Analysis of clinical and genetic variation in neonatal intrahepatic cholestasis caused by citrin deficiency

Abstract

Objective: To investigate the clinical phenotype and gene variation conditions in neonatal intrahepatic cholestasis caused by citrin deficiency (NICCD), so as to provide a basis for genetic counseling and clinical diagnosis and treatment of the family. Methods: 11 cases of neonatal intrahepatic cholestasis who visited the Children's Hospital Affiliated to Zhengzhou University between February 2019 and March 2021 were selected as the study subjects. High-throughput sequencing technology was used to detect the gene variation condition in 11 neonatal patients and 100 normal control neonates. The suspicious loci and family members were verified by Sanger sequencing and QPCR technology. Results: All 11 children with NICCD had different degrees of jaundice and liver damage symptoms, combined with coagulation dysfunction and anemia (n = 7), cardiac malformation (n = 2), elevated myocardial enzymes (n = 4), hyperlipidemia (n = 1), hyperkalemia (n = 1), persistent diarrhea (n = 3), developmental delay (n = 1).

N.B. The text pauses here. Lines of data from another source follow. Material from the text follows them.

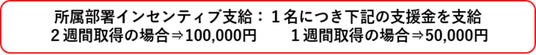 一定期間の取得を条件に、育児休業取得者の所属部署に対するインセンティブを支給する制度。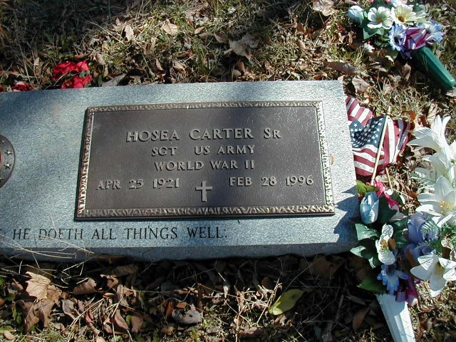 Carter, Hosea Jr. 25 Apr 1921-28 Feb 1996 Sgt. US Army WWII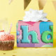 Färgfulla ballonger över en färgstark övertoningsbakgrund med Grattis på födelsedagen i regnbågstext.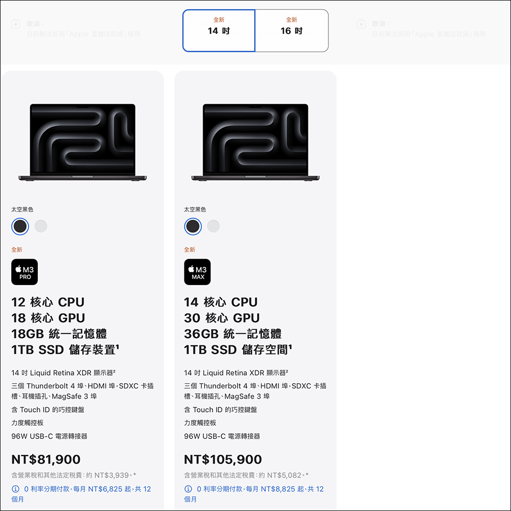 隨著 M3 系列晶片推出後, Apple 也終於將 13 吋 MacBook Pro 下架。目前最小的 MacBook Pro 就已經是直接升級 14 吋的 MacBook Pro ,搭載標準版的 M3 MacBook Pro。但要特別留意,如果要選擇全新的「太空黑色」,必須至少選到 M3 Pro 或升級 M3 Max 才有太空黑色(另有銀色可選),否則選擇標準版 M3 晶片則提供太空灰色和銀色兩種選擇。
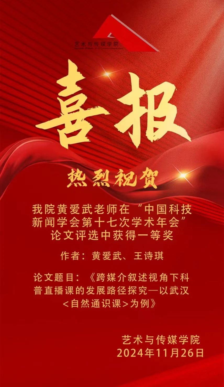 喜报 | 热烈祝贺我院黄爱武老师在“中国科技新闻学会第十七次学术年会”论文评选中获得一等奖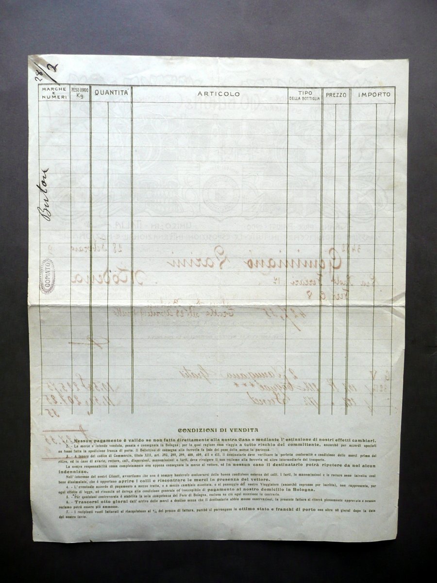 Fattura Grande Distilleria Gio. Buton Bologna 1919 Cognac Fernet Grafica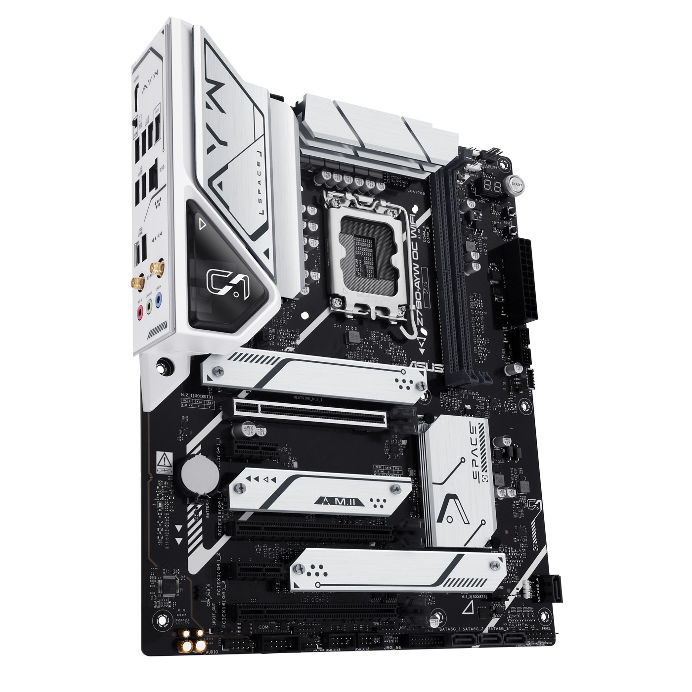 华硕Z790-AYWOCWIFI主板早在台北电脑展首秀时就展示出非凡的超频能力,内存频率达到DDR5-11150MHz。该主板采用特制的2DIMM插槽设计,并在前置面板配备了电源、重置、一键清除BIOS等专业超频按钮,助力玩家发挥DDR5内存最大潜能。同时拥有超高颜值,外观延续AYW系列经典SPACE太空元素,配合大面积银白色散热装甲,呈现满满未来科技感。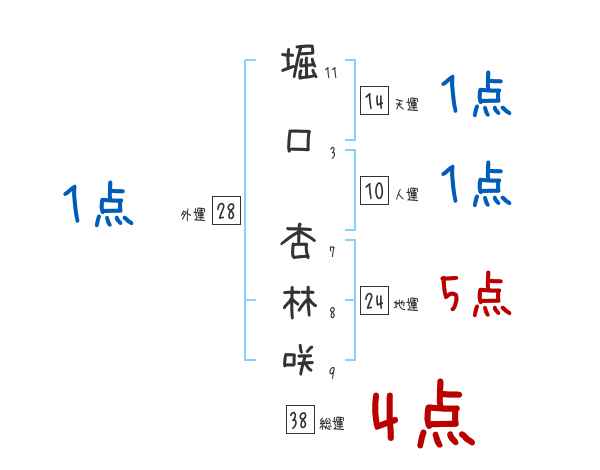 外運![]() | 堀口杏林咲さんの外運は28画の1つ星!家庭環境に注意。スポーツで活躍できる能力があるかも。 生活面を象徴する運勢です。外部から受ける影響力を表し、結婚運、家庭運や職場、環境への順応性を表します。 |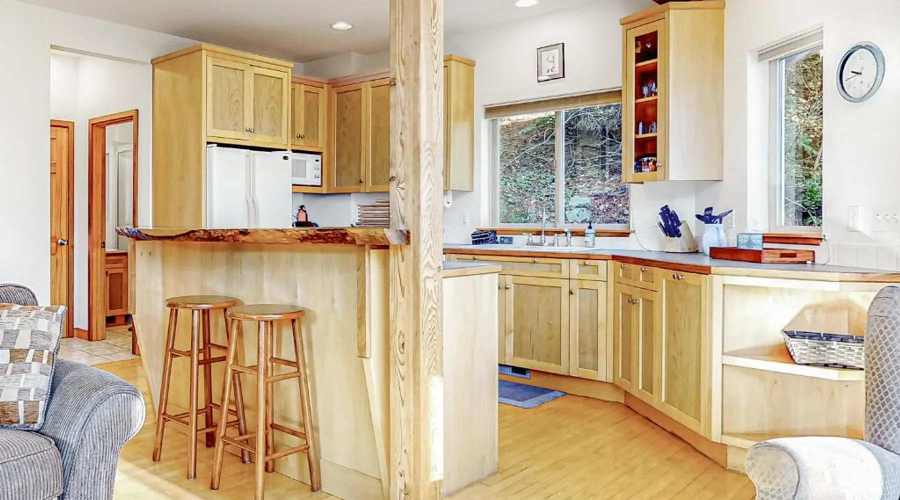 Spacious Holiday Home in Snoqualmie Pass: Hyak House offers a spacious holiday home in Snoqualmie Pass, United States. The property features two bedrooms and three bathrooms, ensuring ample space for guests. Modern Amenities: Guests can enjoy a terrace, balcony, and mountain views. The home includes a fully equipped kitchen with a refrigerator, oven, stovetop, microwave, dishwasher, and coffee machine. Additional amenities include a washing machine, fireplace, streaming services, work desk, and free toiletries. Activities and Nearby Attractions: Skiing enthusiasts can enjoy winter sports in the surrounding area. Snoqualmie Casino is 29 mi away, and Snoqualmie Falls is 30 mi from the property. Seattle Lake Union Seaplane Base is 57 mi distant. The fireplace is the standout feature of this holiday home. This spacious holiday home comes with 2 living rooms, 2 separate bedrooms and 3 bathrooms with a hairdryer and free toiletries. Guests can make meals in the kitchen that features a stovetop, a refrigerator, a dishwasher and kitchenware. Boasting a terrace with mountain views, this holiday home also features a washing machine and a TV with streaming services. The unit has 4 beds.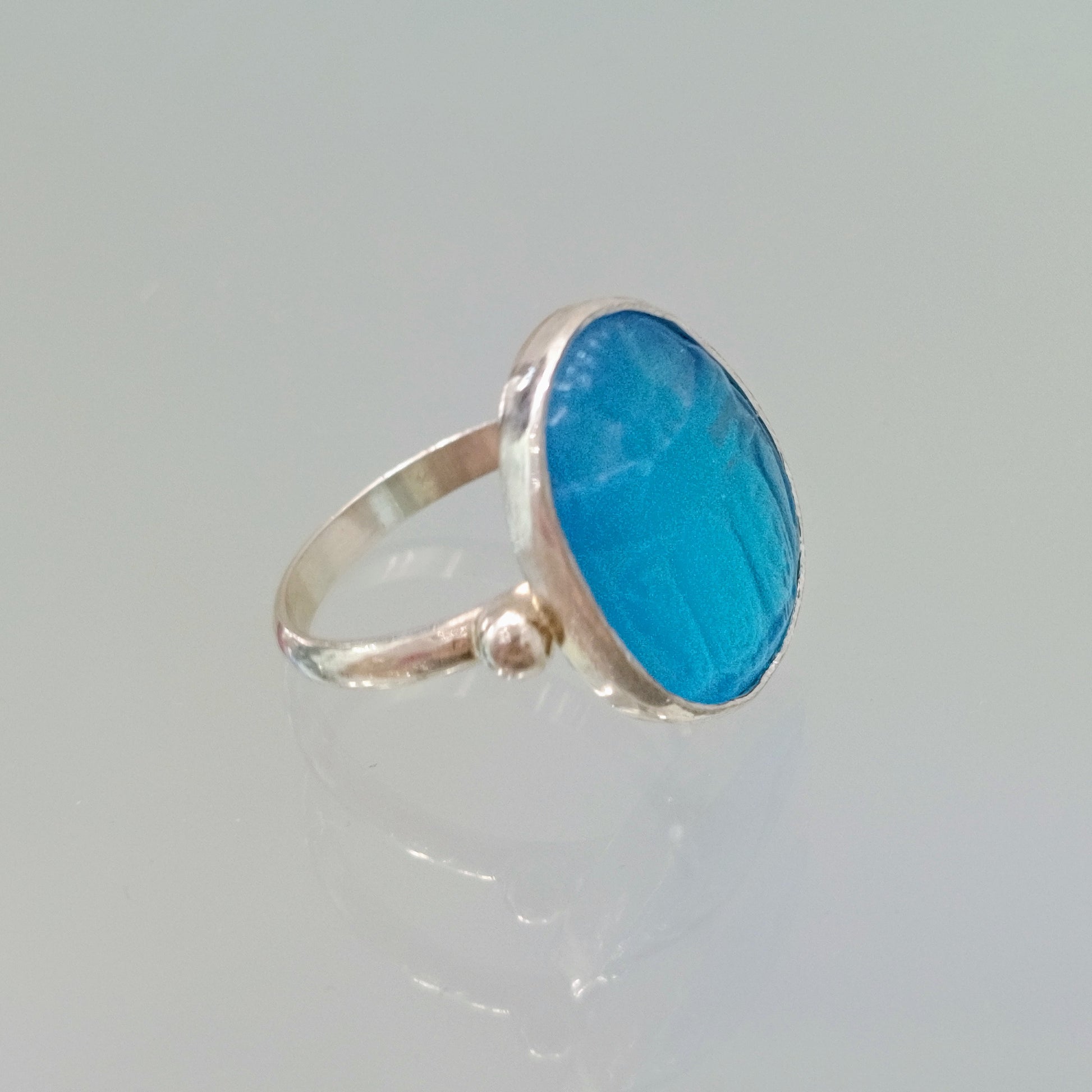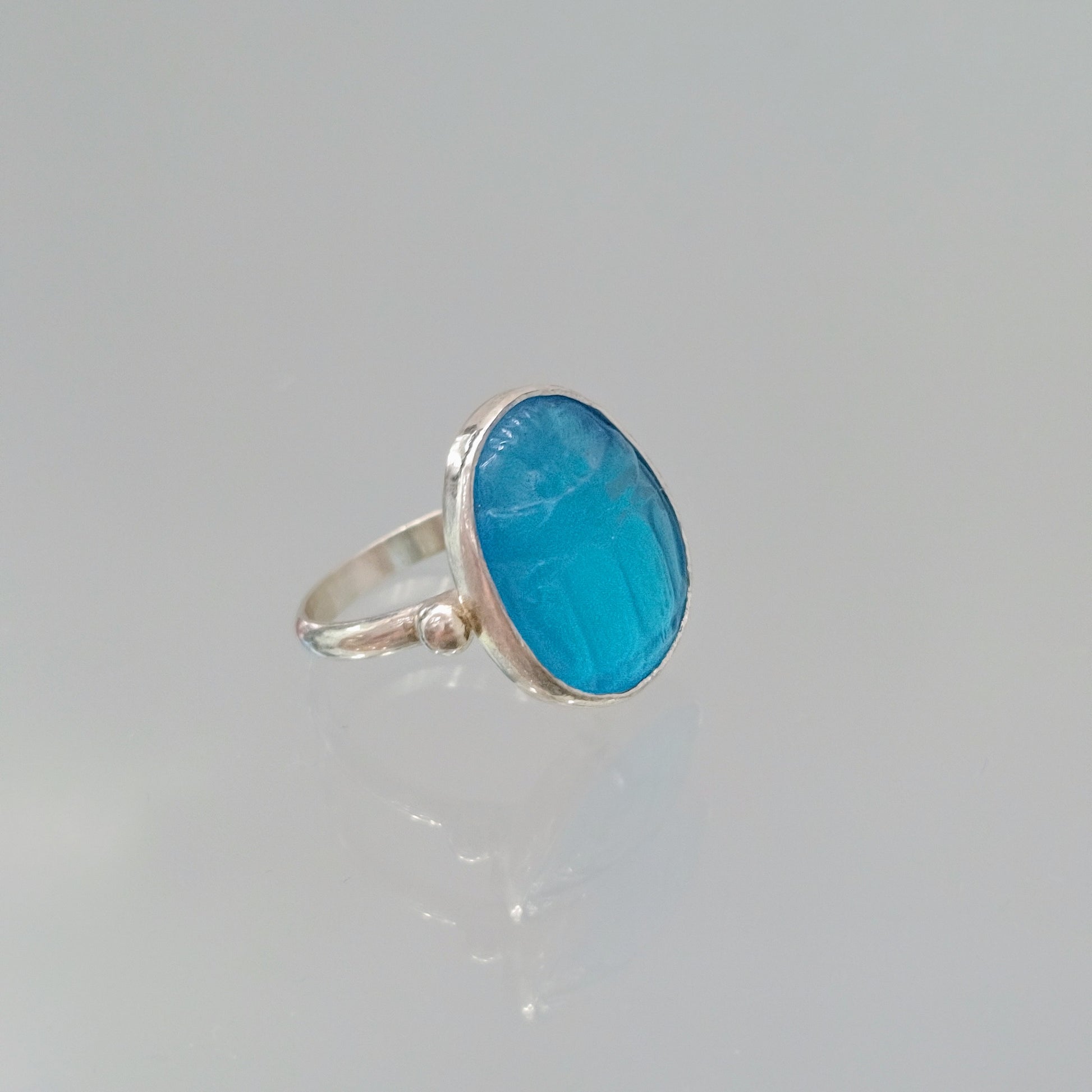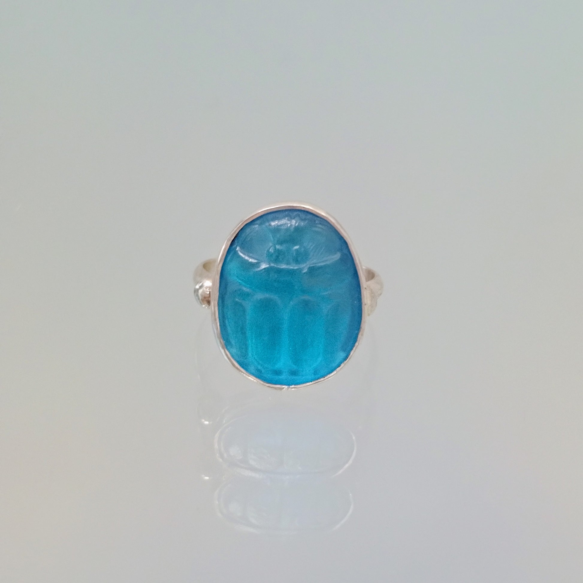 A spectacular ring adorned with a Venetian glass intaglio scarab carved gemstone. Handcrafted in our atelier in Athens.

A total of 10 different types of SLC25A13 gene mutations were detected in 11 cases, including three frameshift mutations, two splicing changes, two missense mutations, one intron insertion, one nonsense mutation, and one heterozygous deletion. After reviewing literature and databases, c.1878delG(p.I627Sfs*73) and exon11 deletion were novel mutations that had not been reported at home or abroad. Conclusion: The clinical features of NICCD are non-specific, and genetic testing aids in the early and accurate diagnosis of the disease, providing an important basis for clinical treatment and genetic counseling for family members. In addition, the detection of novel mutation sites has enriched the SLC25A13 gene variation spectrum.